[DATA EXTRACT Boundary: Start]

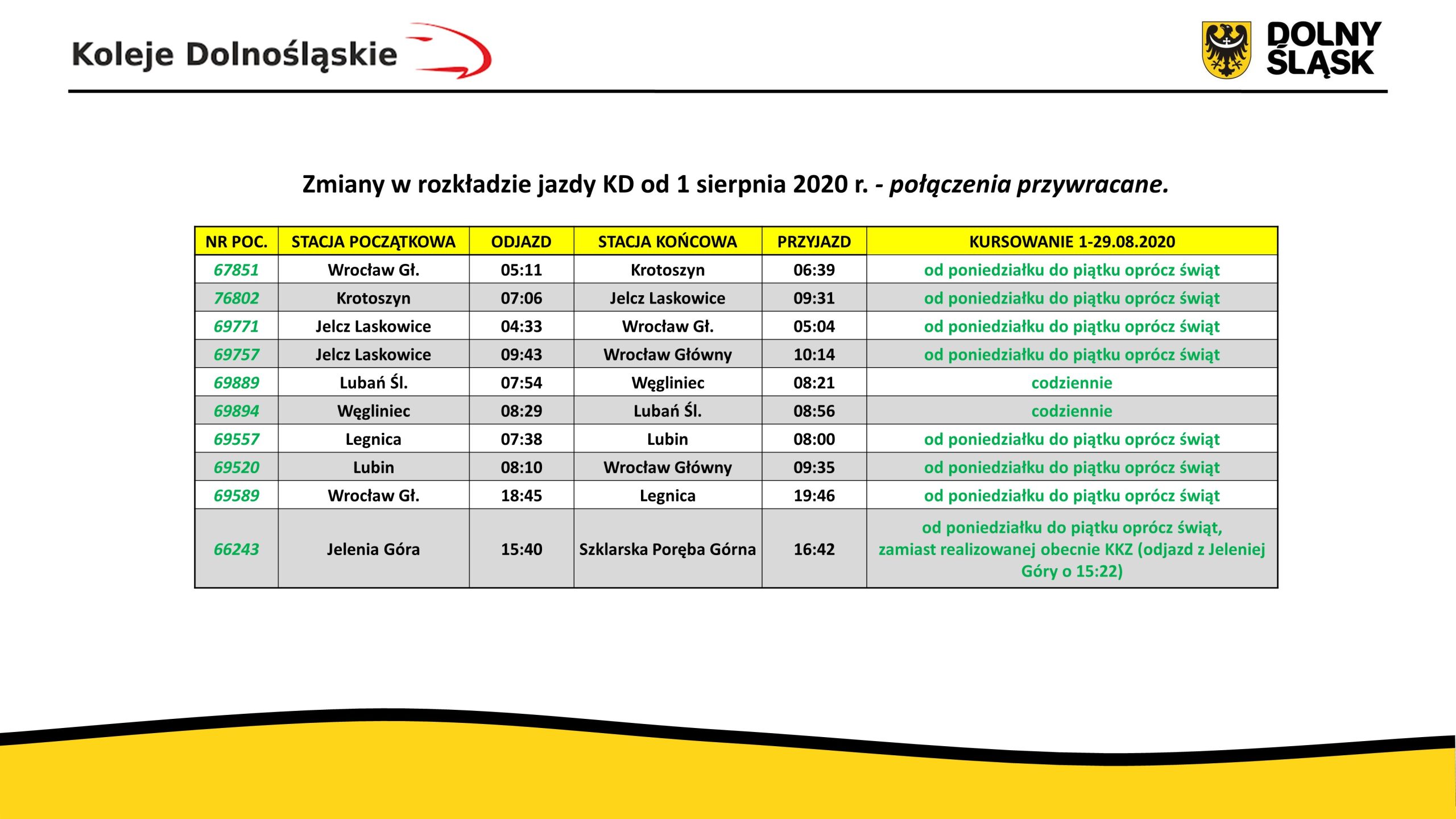 – Pociąg relacji Wrocław Główny – Lubin, kursujący w dni wolne od pracy o godzinie 21.10, jeździł w ramach rozkładu jazdy 2018/2019. Z początkiem grudnia 2019 r., wraz z wprowadzeniem nowego rocznego rozkładu jazdy 2019/2020, połączenie to przestało istnieć. Obecnie nie przewidujemy jego przywrócenia. Decyzja nie ma żadnego związku z odmrażaniem kolejnych połączeń po cięciach spowodowanych koronawirusem, gdyż połączenie to nie funkcjonowało w aktualnym rocznym rozkładzie jazdy – wyjaśnia Bartłomiej Rodak, rzecznik prasowy Kolei Dolnośląskich.
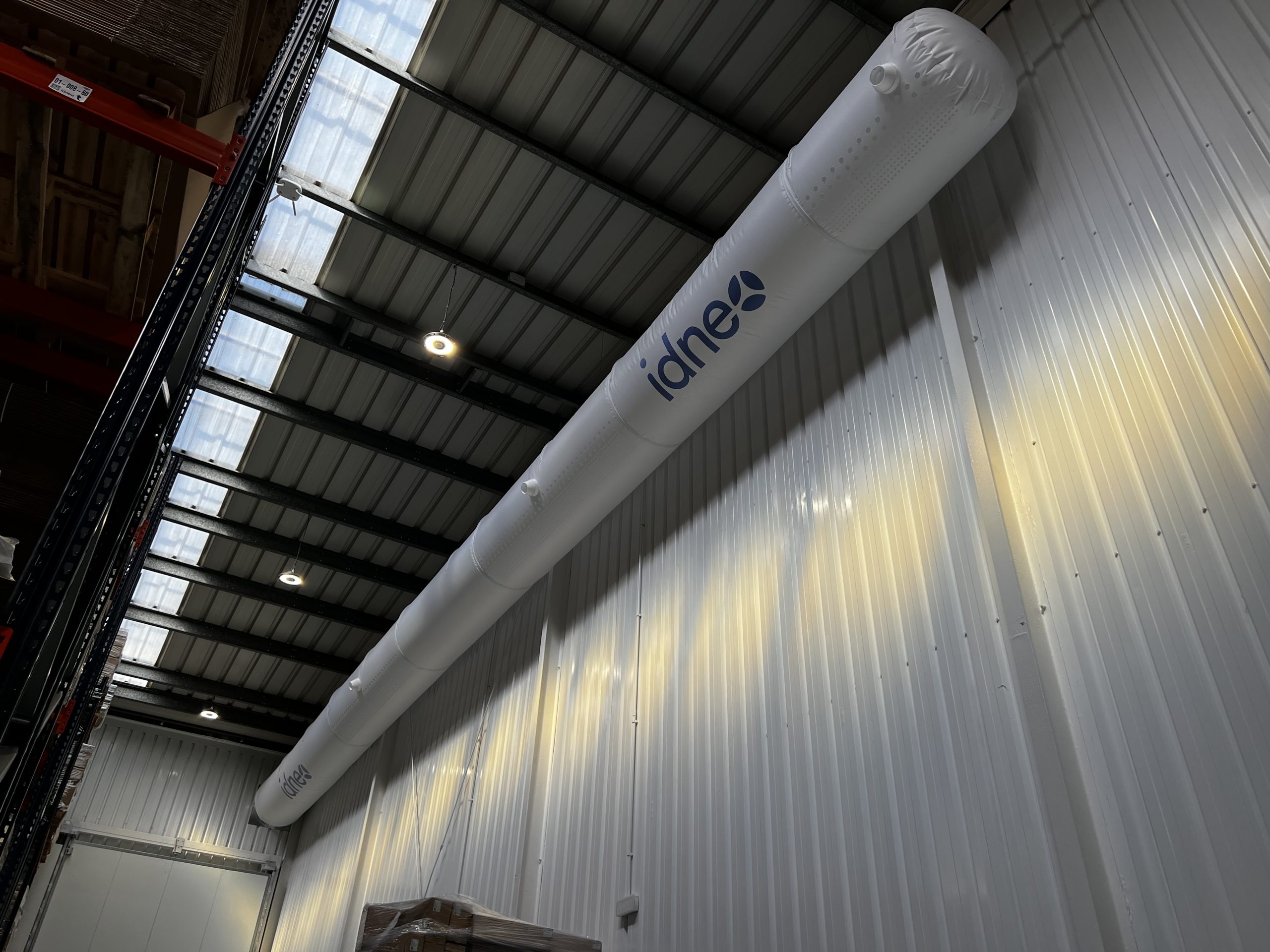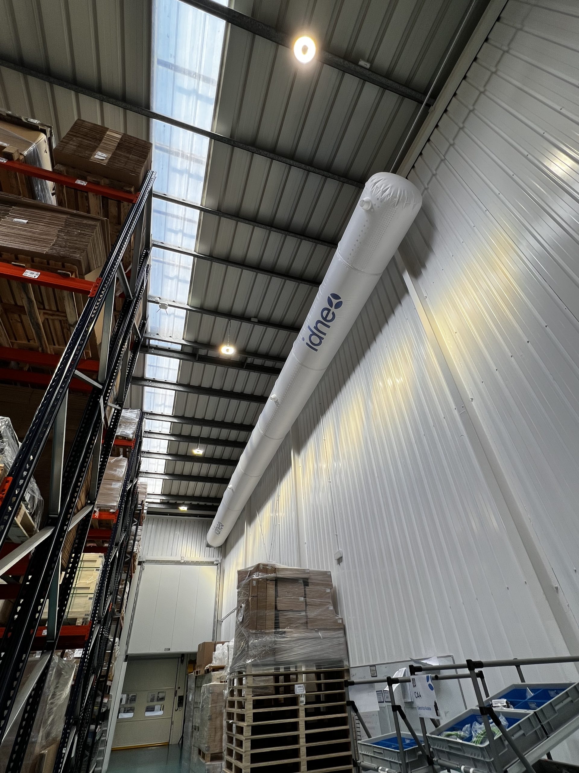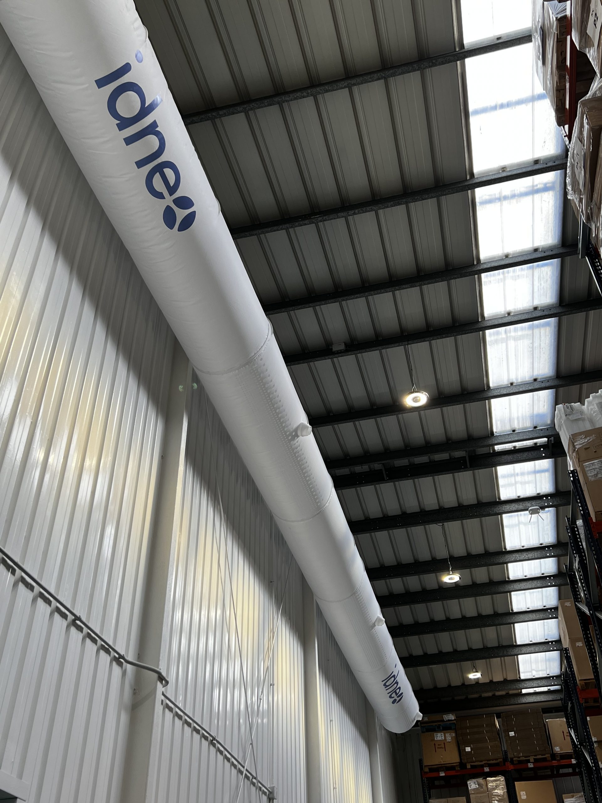 Instalación de conductos FabricAir en la nave logística de Idneo
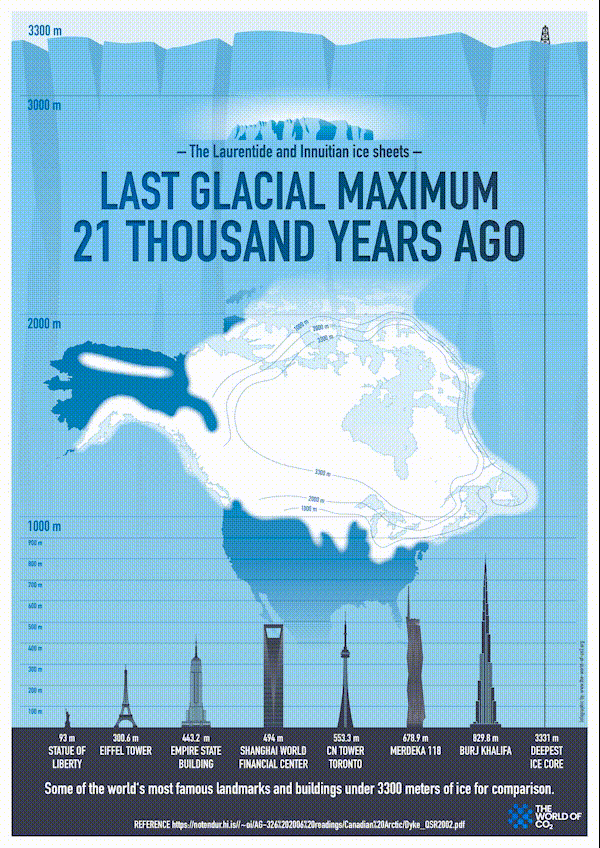 At the height of the last glacial period, Canada was covered with ice that could reach a maximum height of 3300 metres. This massive ice sheet covered Canada as well as areas in Europe and Russia all the way to Alaska. Everything above the Arctic Circle would have been uninhabitable, as Antarctica is today. Life would only have been possible at the edges of these huge ice sheets. Areas that are open to wild life above the Arctic Circle today would have been inaccessible to animals and plants. All in all, the huge land masses we live on today at much higher latitudes would not have been possible.
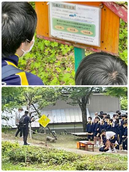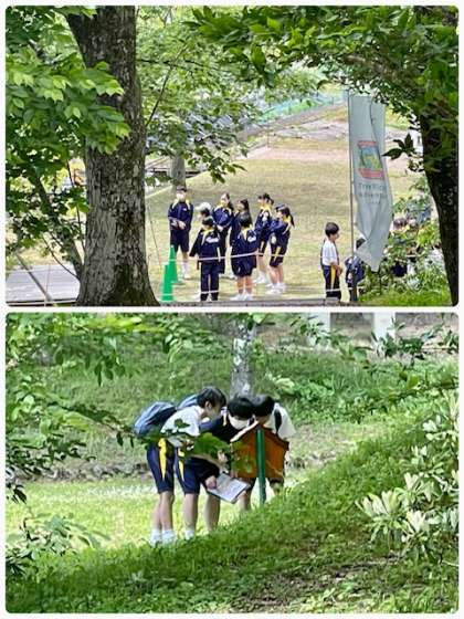 ロゲニングのグループです。林の中を地図を頼りにポイントを回って質問に答えています。

[DATA EXTRACT Boundary: End]

TASK STATEMENT: Write each line exactly as it appears, from the line that holds "Instalación de conductos" through the closing line of the data above, and leave every picture out.

RESPONSE BOX:
 Instalación de conductos FabricAir en la nave logística de Idneo
 At the height of the last glacial period, Canada was covered with ice that could reach a maximum height of 3300 metres. This massive ice sheet covered Canada as well as areas in Europe and Russia all the way to Alaska. Everything above the Arctic Circle would have been uninhabitable, as Antarctica is today. Life would only have been possible at the edges of these huge ice sheets. Areas that are open to wild life above the Arctic Circle today would have been inaccessible to animals and plants. All in all, the huge land masses we live on today at much higher latitudes would not have been possible.
 ロゲニングのグループです。林の中を地図を頼りにポイントを回って質問に答えています。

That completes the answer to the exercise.